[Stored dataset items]
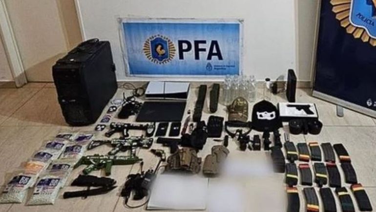 Con la orden de la jueza María Romilda Servini, la PFA allanó el domicilio y secuestró un arsenal de elementos: varias réplicas de armas de fuego (pistolas, un revólver y un subfusil); dos cuchillos, municiones, gas pimienta y botellas tipo "molotov", y una carta de despedida ante un posible suicidio.
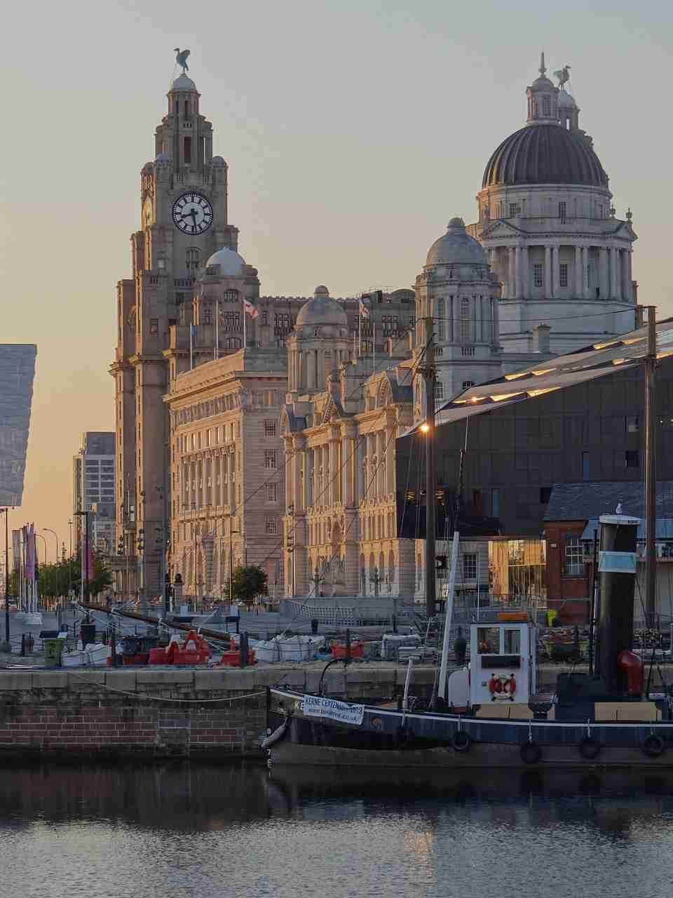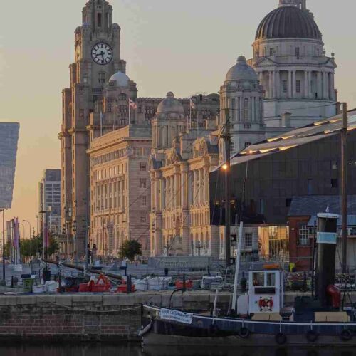 The “Three Graces” – the Royal Liver Building, Cunard Building, and Port of Liverpool Building – dominate the waterfront and symbolize the city’s maritime past.
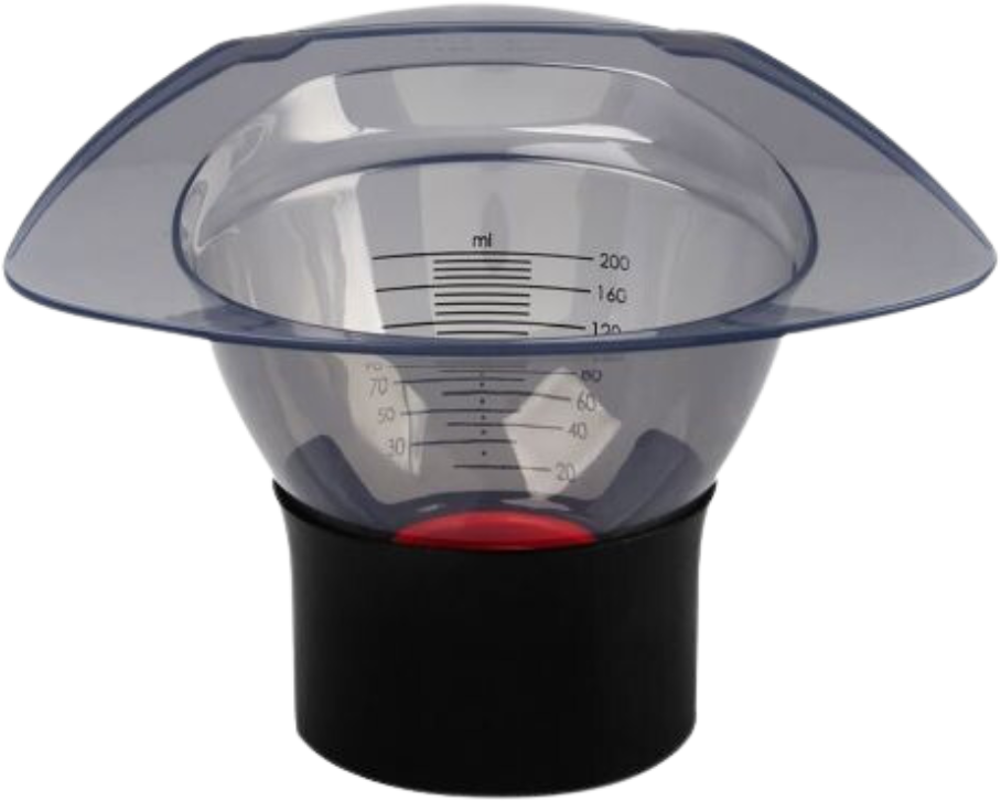 De transparante schaal met duidelijke inhoudsaanduiding zorgt ervoor dat je altijd de juiste verhoudingen gebruikt. Daarnaast ligt het verfbakje comfortabel in de hand door het handige handvat, ideaal voor langdurig gebruik tijdens drukke werkdagen in de kapsalon.
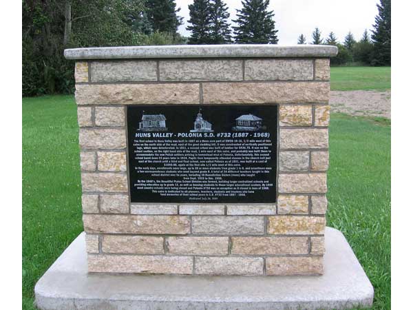 Formally established as Hun’s Valley School in December 1886, the first school was built in 1887 on a three-acre part of SW28-16-16 west of the Principal Meridian, one-half mile west of this monument on the north side of the road, east of the good sledding hill, in the Rural Municipality of Rosedale. It was constructed of vertically positioned logs, which soon deteriorated. In 1911, a second school was built of lumber for $936.75. It was on the school section, on the right side of the road, one mile west of this cairn, and probably was built there to accommodate the new Polish settlers arriving to homestead west of Polonia. This second school burned down in 1934. Pupils then attended classes temporarily in the church hall just east of the church until a third and final school, now called Polonia School as of 1921, was built at a cost of $1,690, again at the first site one-half mile west of this cairn.
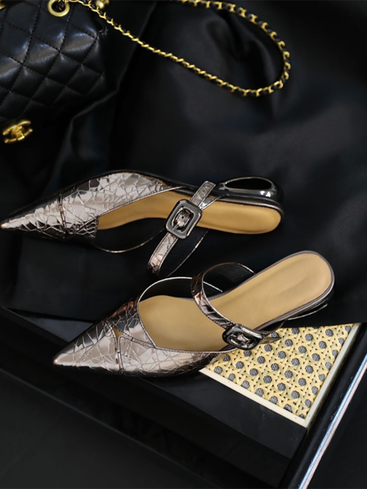 | nameOriginal | Xiaoxiang style silver one-button flat heel pointed toe mules |
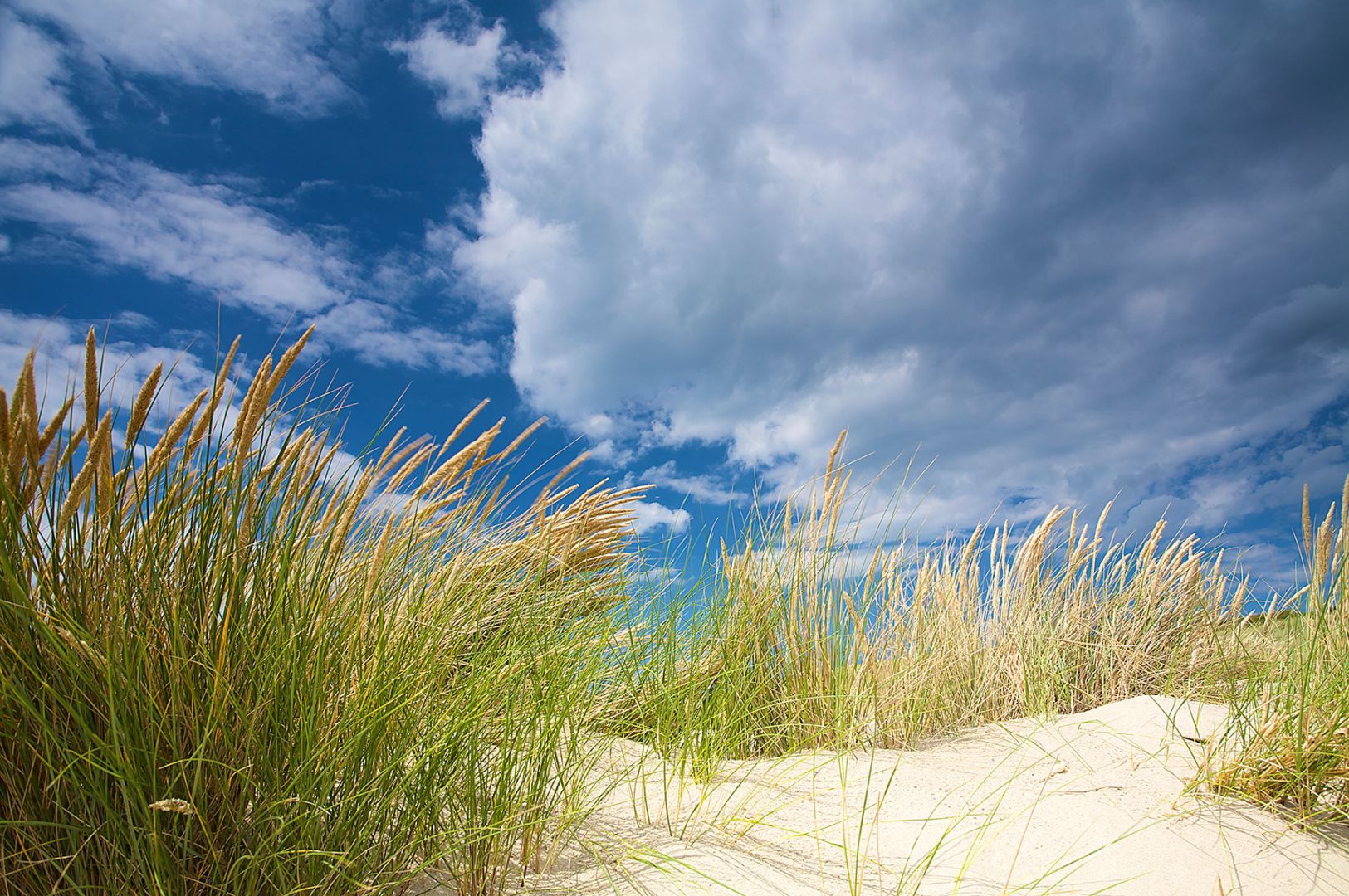 Тази снимка на пясъчно бели дюни с разлюлени от морския бриз треви създава усещане за простор и лятно везвремие.

• TO DO
Only the text of the records above is to be reproduced, exactly as given; the pictures are dropped.

• WORKED SOLUTION
 Con la orden de la jueza María Romilda Servini, la PFA allanó el domicilio y secuestró un arsenal de elementos: varias réplicas de armas de fuego (pistolas, un revólver y un subfusil); dos cuchillos, municiones, gas pimienta y botellas tipo "molotov", y una carta de despedida ante un posible suicidio.
 The “Three Graces” – the Royal Liver Building, Cunard Building, and Port of Liverpool Building – dominate the waterfront and symbolize the city’s maritime past.
 De transparante schaal met duidelijke inhoudsaanduiding zorgt ervoor dat je altijd de juiste verhoudingen gebruikt. Daarnaast ligt het verfbakje comfortabel in de hand door het handige handvat, ideaal voor langdurig gebruik tijdens drukke werkdagen in de kapsalon.
 Formally established as Hun’s Valley School in December 1886, the first school was built in 1887 on a three-acre part of SW28-16-16 west of the Principal Meridian, one-half mile west of this monument on the north side of the road, east of the good sledding hill, in the Rural Municipality of Rosedale. It was constructed of vertically positioned logs, which soon deteriorated. In 1911, a second school was built of lumber for $936.75. It was on the school section, on the right side of the road, one mile west of this cairn, and probably was built there to accommodate the new Polish settlers arriving to homestead west of Polonia. This second school burned down in 1934. Pupils then attended classes temporarily in the church hall just east of the church until a third and final school, now called Polonia School as of 1921, was built at a cost of $1,690, again at the first site one-half mile west of this cairn.
 | nameOriginal | Xiaoxiang style silver one-button flat heel pointed toe mules |
 Тази снимка на пясъчно бели дюни с разлюлени от морския бриз треви създава усещане за простор и лятно везвремие.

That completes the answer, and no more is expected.